Copy out exactly the stretch of the listing below that begins at the line containing "- 1 grand séjour" and ends at the line containing "Tie Dye, Floral", and copy nothing outside it.

* _Stored data_
══════

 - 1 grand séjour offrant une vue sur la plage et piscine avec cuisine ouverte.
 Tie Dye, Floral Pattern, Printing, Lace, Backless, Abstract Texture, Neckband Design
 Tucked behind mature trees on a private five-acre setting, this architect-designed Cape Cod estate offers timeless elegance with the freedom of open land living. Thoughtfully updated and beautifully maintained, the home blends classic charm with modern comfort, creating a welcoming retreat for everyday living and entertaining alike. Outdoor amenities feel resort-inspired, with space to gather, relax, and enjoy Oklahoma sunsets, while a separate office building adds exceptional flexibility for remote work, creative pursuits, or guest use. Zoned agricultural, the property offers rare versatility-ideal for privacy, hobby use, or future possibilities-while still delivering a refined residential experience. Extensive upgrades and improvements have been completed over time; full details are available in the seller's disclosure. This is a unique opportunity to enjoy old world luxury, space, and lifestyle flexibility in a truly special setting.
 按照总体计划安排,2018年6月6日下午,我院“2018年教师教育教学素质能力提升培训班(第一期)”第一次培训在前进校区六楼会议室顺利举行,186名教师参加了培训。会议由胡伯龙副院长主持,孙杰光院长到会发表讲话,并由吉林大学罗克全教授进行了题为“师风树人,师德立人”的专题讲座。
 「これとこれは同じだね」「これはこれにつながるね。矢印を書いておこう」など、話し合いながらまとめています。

══════

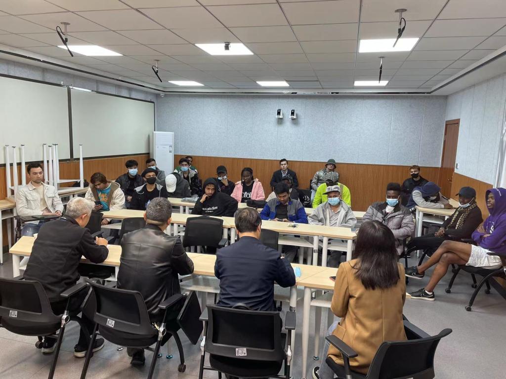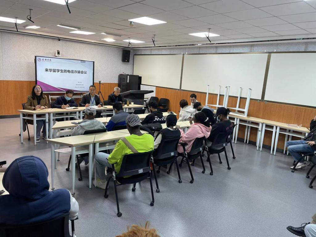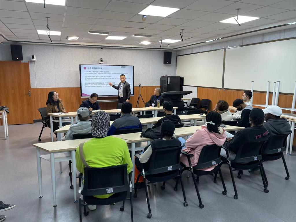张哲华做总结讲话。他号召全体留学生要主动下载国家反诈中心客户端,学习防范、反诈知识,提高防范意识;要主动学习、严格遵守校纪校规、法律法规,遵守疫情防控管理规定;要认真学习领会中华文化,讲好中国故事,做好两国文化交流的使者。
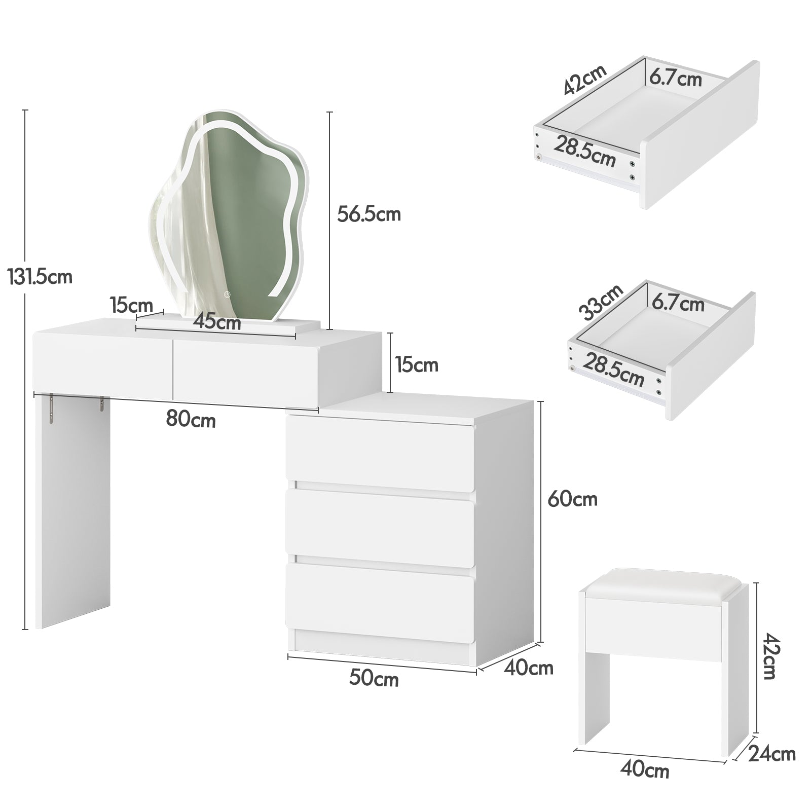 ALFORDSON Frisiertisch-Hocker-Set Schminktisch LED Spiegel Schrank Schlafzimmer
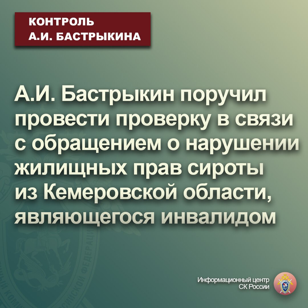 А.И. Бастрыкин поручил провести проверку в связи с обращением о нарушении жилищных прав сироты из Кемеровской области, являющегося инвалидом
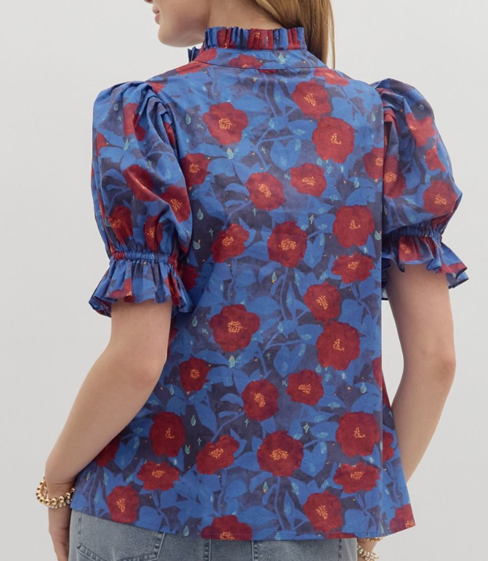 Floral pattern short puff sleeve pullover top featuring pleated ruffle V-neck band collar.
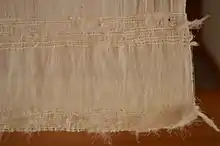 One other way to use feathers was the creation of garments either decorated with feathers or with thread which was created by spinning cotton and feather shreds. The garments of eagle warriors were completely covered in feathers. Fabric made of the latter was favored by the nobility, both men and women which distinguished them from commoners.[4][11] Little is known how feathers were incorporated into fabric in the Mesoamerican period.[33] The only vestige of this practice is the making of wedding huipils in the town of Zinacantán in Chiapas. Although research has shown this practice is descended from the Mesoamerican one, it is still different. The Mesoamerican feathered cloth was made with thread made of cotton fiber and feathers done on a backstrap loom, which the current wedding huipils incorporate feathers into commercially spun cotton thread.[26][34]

══════

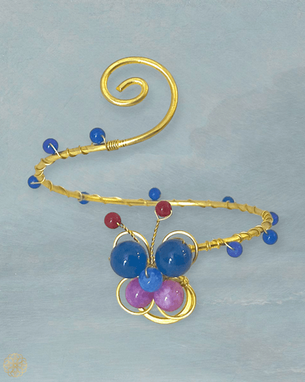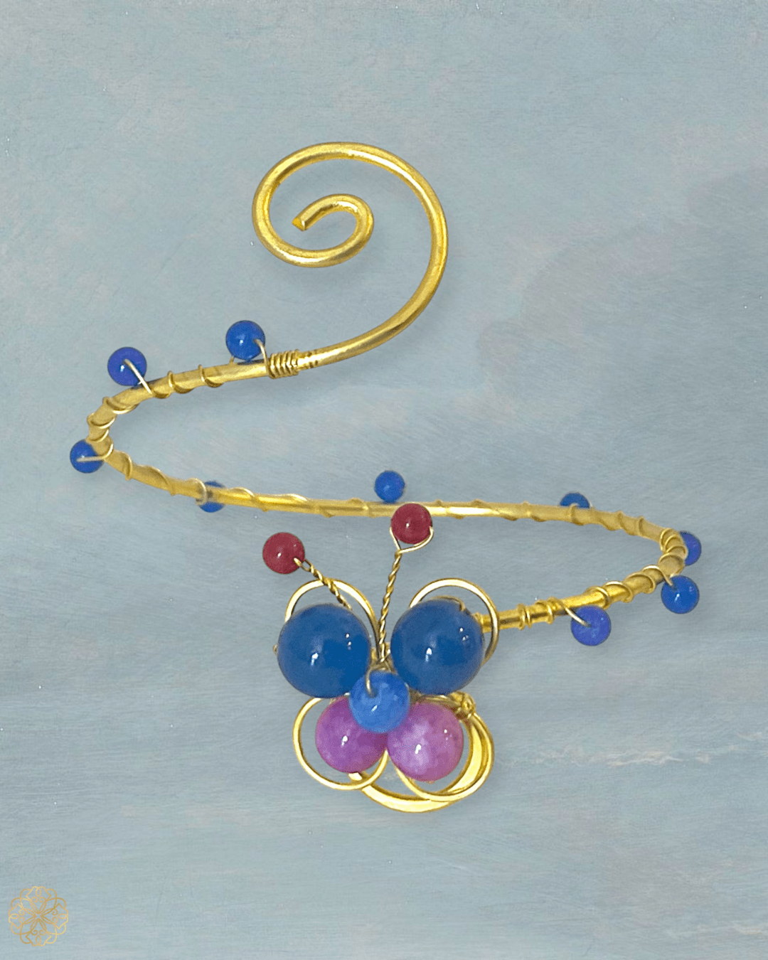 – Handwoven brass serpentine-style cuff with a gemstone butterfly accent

══════

* _Answer_
 - 1 grand séjour offrant une vue sur la plage et piscine avec cuisine ouverte.
 Tie Dye, Floral Pattern, Printing, Lace, Backless, Abstract Texture, Neckband Design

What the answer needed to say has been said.